Almamlka Foods is planning to establish a factory for feed and oil extraction in partnership with two Algerian and Moroccan companies with initial investments estimated at EGP 250m.
Mahmoud Arafa, CEO of the company, said that the company is negotiating with the Ministry of Agriculture and Land Reclamation to buy crops from 2,000 acres of soybeans and maize at the international price, and to sign a letter of guarantee, instituting crop purchases through the Contractual Plantations Agency affiliated with the ministry.
He added that the company is studying the domestic market’s direction after the flotation of the pound and its low value against the dollar, which increased import costs—affecting profits of the company that depends entirely on imports for its production input.

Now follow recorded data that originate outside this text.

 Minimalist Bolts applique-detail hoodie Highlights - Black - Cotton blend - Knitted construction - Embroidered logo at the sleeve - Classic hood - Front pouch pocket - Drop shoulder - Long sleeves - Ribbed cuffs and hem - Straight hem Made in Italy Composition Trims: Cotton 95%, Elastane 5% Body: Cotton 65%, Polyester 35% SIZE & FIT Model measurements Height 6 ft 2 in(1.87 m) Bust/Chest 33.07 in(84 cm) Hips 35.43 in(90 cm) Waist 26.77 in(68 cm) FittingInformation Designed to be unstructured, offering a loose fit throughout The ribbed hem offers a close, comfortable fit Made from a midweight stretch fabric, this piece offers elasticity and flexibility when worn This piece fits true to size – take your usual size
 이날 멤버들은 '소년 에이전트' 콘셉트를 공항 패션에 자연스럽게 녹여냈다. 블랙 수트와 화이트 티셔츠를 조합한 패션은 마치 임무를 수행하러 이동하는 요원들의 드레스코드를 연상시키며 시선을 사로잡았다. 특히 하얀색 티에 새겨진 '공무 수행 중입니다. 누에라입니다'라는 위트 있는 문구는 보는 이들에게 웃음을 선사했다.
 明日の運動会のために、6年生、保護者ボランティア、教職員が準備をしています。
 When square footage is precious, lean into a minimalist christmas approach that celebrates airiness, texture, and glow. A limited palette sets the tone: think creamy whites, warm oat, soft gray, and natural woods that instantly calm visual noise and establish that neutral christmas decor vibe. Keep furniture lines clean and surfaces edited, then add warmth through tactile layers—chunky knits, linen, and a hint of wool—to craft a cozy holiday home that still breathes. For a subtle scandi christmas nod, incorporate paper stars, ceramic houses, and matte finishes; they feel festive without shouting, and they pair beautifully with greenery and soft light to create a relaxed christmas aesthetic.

Arafa said that the company’s future plan includes buying crops from 1m acres if the negotiations with the Ministry of Agriculture succeed.
The company plans to inject new investments in partnership with entities from Algeria and Morocco to set up a factory for feed and oil extraction on an area of 25,000sqm at an initial investment of EGP 250m.

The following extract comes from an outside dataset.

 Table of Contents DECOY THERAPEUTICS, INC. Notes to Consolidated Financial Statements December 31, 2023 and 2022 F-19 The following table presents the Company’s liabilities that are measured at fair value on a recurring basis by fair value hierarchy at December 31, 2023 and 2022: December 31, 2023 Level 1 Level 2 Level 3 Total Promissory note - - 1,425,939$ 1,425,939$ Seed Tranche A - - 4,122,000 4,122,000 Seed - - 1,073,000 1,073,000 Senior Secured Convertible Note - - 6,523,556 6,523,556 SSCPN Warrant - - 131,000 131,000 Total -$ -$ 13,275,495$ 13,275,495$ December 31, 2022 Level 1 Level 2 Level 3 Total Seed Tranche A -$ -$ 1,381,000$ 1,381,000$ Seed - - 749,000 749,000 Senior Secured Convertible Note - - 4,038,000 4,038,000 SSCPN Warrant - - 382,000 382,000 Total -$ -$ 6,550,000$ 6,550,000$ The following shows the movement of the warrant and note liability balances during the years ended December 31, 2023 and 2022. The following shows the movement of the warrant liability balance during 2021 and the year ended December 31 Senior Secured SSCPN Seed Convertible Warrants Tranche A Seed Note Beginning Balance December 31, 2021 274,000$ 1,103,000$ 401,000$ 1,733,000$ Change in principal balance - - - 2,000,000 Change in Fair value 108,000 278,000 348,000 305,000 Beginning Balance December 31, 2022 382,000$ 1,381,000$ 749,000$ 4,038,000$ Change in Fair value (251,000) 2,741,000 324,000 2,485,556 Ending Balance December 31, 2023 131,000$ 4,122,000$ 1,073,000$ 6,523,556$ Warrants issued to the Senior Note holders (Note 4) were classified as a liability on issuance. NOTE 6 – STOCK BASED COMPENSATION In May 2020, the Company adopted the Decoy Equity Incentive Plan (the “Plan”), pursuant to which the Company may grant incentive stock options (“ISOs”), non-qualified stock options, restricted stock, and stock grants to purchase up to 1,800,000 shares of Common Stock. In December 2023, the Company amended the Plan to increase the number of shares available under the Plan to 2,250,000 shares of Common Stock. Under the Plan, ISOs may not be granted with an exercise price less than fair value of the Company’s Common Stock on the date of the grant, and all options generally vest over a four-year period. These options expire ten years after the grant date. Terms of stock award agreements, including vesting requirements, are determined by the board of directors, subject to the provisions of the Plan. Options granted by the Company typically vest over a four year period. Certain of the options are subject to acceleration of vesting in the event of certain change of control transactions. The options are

The company will allocate a piece of land for the implementation of projects in Upper Egypt, according to the Egyptian president’s decision regarding granting lands there.

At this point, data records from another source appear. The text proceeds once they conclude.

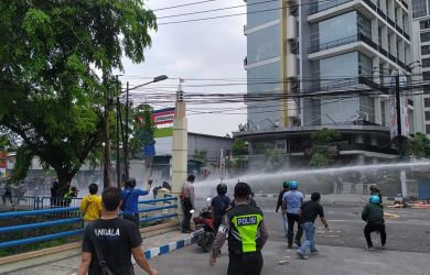 Pasukan kepolisian yang terdiri Satuan Brimob dan TNI kembali memukul mundur para mahasiswa menggunakan water cannon dan gas air mata.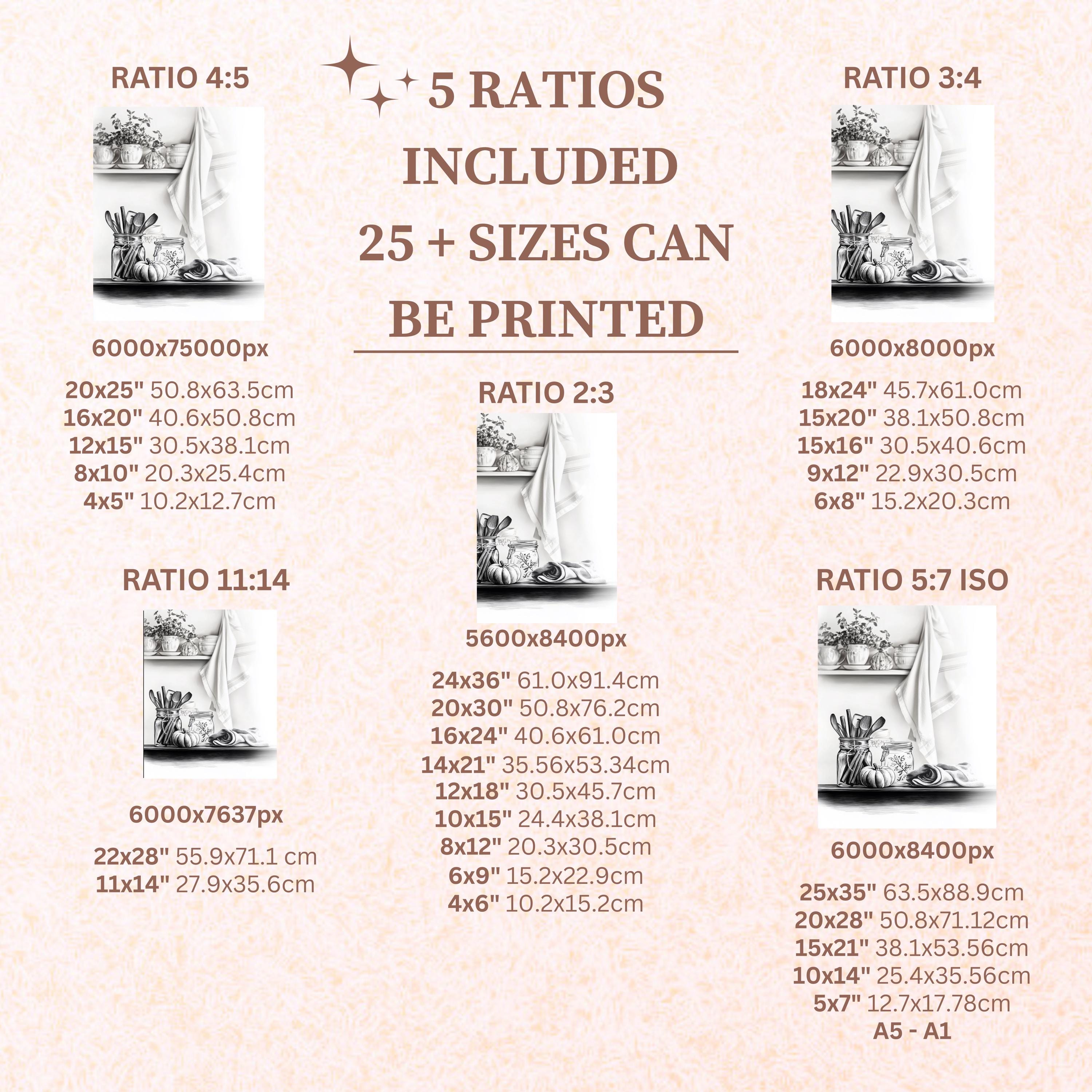 Each artwork includes 5 aspect ratios with 25+ print sizes. Most standard frames are covered. One custom resize per purchase available—message before ordering.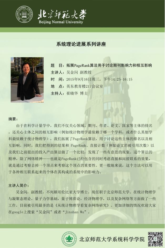 [讲座] 拓展PageRank算法用于讨论期刊影响力和相互影响
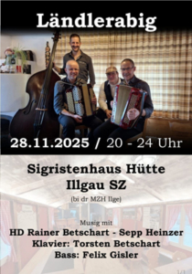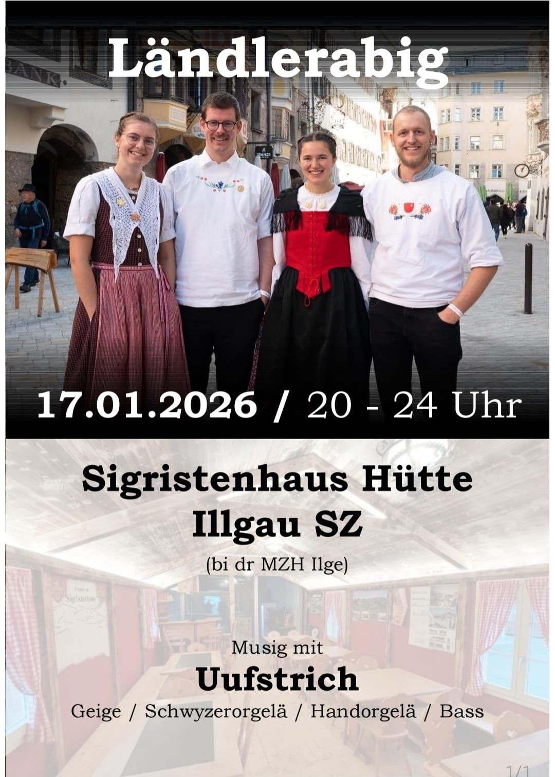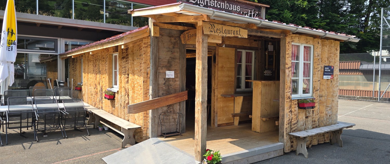| Herzlich Willkommen in der Sigristenhaus-Hütte, dem Übergangsrestaurant. Unsere Mitttagsmenüs servieren wir Ihnen gerne ab 12:00 Uhr Da wir Sie momentan im Provisorium «Sigristenhaus-Hüttä» bewirten, haben wir die Anzahl der Menüs reduziert. Das jeweilige Mittagsmenü finden Sie Mittagsmenüs: 18. – 23.11.2025 Mitttwoch, 19.11.2025: Seniorennachmittag mit anschliessendem Nachtessen Falls Sie Fragen haben, rufen Sie uns bitte an (041 830 12 02)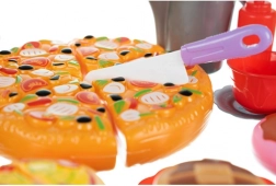 Segmenty pizzy są połączone rzepem – dzieci mogą je rozdzielać plastikowym nożem i z powrotem łączyć. Realistyczna zabawa bez bałaganu wspiera małą motorykę.

President Abdel Fattah Al-Sisi issued a decree determining that lands will be allocated to the industrial investors free of charge.
According to the decision, lands will be granted free of charge to investors who meet the technical and financial conditions in specified areas, including Minya, Assiut, Sohag, Qena, Aswan, and the New Valley governorates.
Arafa explained that the flotation of the pound has a significant impact on the company because it is operating with imported raw supplies and extracted oils.
The flotation of the pound is the main reason for the price hikes of feed, poultry, oils, and table eggs.
He pointed out that the success of the state to shift to corn and soybean planting will reflect positively on their prices, and the company will sign guarantees to buy the crops according to specified international prices.
He said that the company is importing 10,000 tonnes of feed, but imports declined by more than 50% after the liberation of the dollar exchange rate.
He added that the best solution to control price hikes of feed, oils, and poultry is expansion of the cultivation of soybeans and maize which will provide the dollar reserves required for their imports.
Almamlka Foods was founded in 2008. It is an Egyptian shareholding company operating in the supply of raw materials to feed mills, as well as oil extraction.